Items from a data source
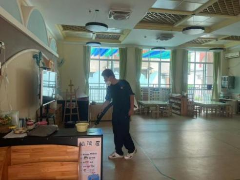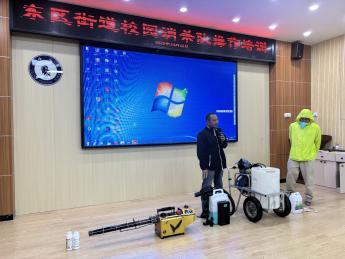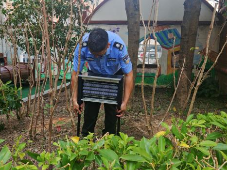 科学消杀:44所学校均组建了校园消杀队,配备专业消杀器械及药剂,由街道专业消杀队定期对其进行培训。每周开展1-2次的重点区域专业消杀,配置和加设550余盏高效灭蚊灯,构建“动态消杀+静态防控”双重屏障,实现了消杀无死角。
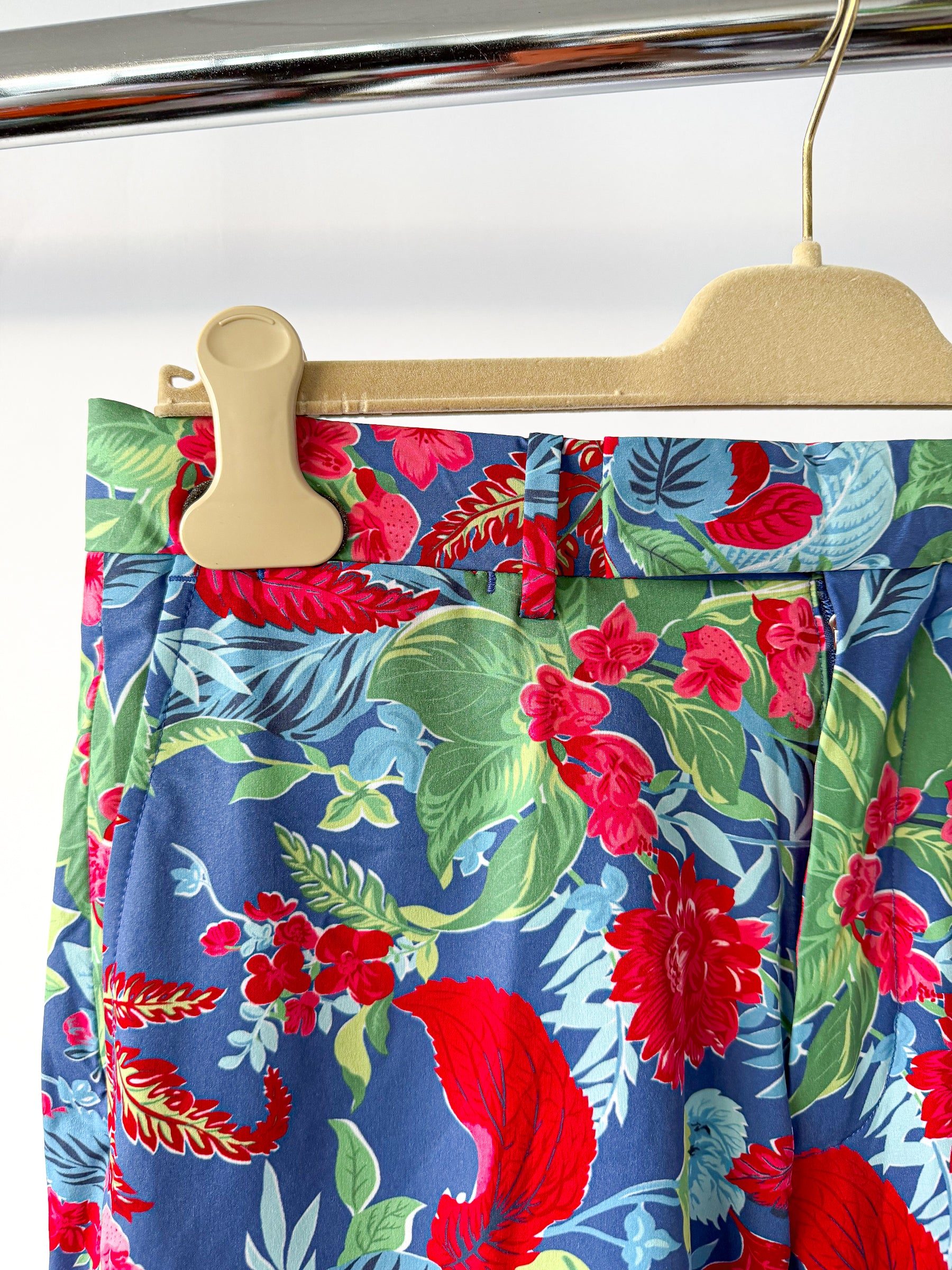 Ralph Lauren RLX tailored fit shorts in blue with vibrant pink and green florals. Premium quality with a refined, polished silhouette that works for casual wear or resort settings. Comfortable and stylish for any occasion.
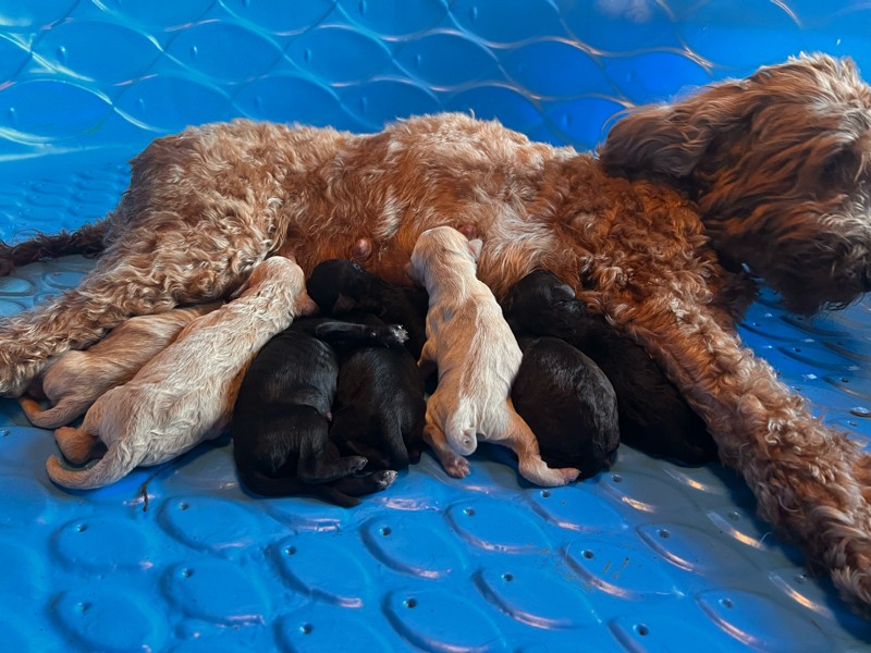 Speaking of Father's Day our Curly Fry got the news that his gal Angel gave him a family that afternoon. 8 healthy Doodles.
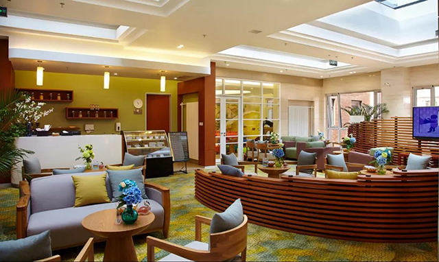 明亮雅致的門廳兩層通高,面向東南的弧形落地玻璃窗,使大廳格外明媚舒適,室外的疊水、綠化盡收眼底,大廳內的弧形服務島臺、弧形吊頂、木色飾板、木制座椅扶手使人感到極為親切和自然。醫院中還設有咖啡廳、超市等便民設施,與門廳串聯的咖啡廳飄來陣陣香甜的味道,讓步入其中的患者感覺這里并非醫院,而是一個溫馨愉悅的服務場所。
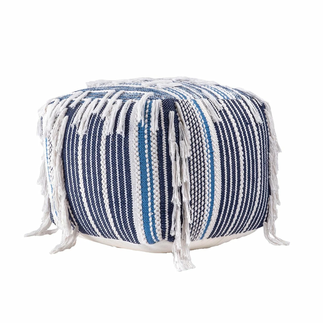Buy ✨ nuLOOM Hydra Denim Striped Fringe Filled Ottoman Pouf ⭐

## The problem
Every entry above is to be printed again exactly, pictures omitted.

## Solution
 科学消杀:44所学校均组建了校园消杀队,配备专业消杀器械及药剂,由街道专业消杀队定期对其进行培训。每周开展1-2次的重点区域专业消杀,配置和加设550余盏高效灭蚊灯,构建“动态消杀+静态防控”双重屏障,实现了消杀无死角。
 Ralph Lauren RLX tailored fit shorts in blue with vibrant pink and green florals. Premium quality with a refined, polished silhouette that works for casual wear or resort settings. Comfortable and stylish for any occasion.
 Speaking of Father's Day our Curly Fry got the news that his gal Angel gave him a family that afternoon. 8 healthy Doodles.
 明亮雅致的門廳兩層通高,面向東南的弧形落地玻璃窗,使大廳格外明媚舒適,室外的疊水、綠化盡收眼底,大廳內的弧形服務島臺、弧形吊頂、木色飾板、木制座椅扶手使人感到極為親切和自然。醫院中還設有咖啡廳、超市等便民設施,與門廳串聯的咖啡廳飄來陣陣香甜的味道,讓步入其中的患者感覺這里并非醫院,而是一個溫馨愉悅的服務場所。
Buy ✨ nuLOOM Hydra Denim Striped Fringe Filled Ottoman Pouf ⭐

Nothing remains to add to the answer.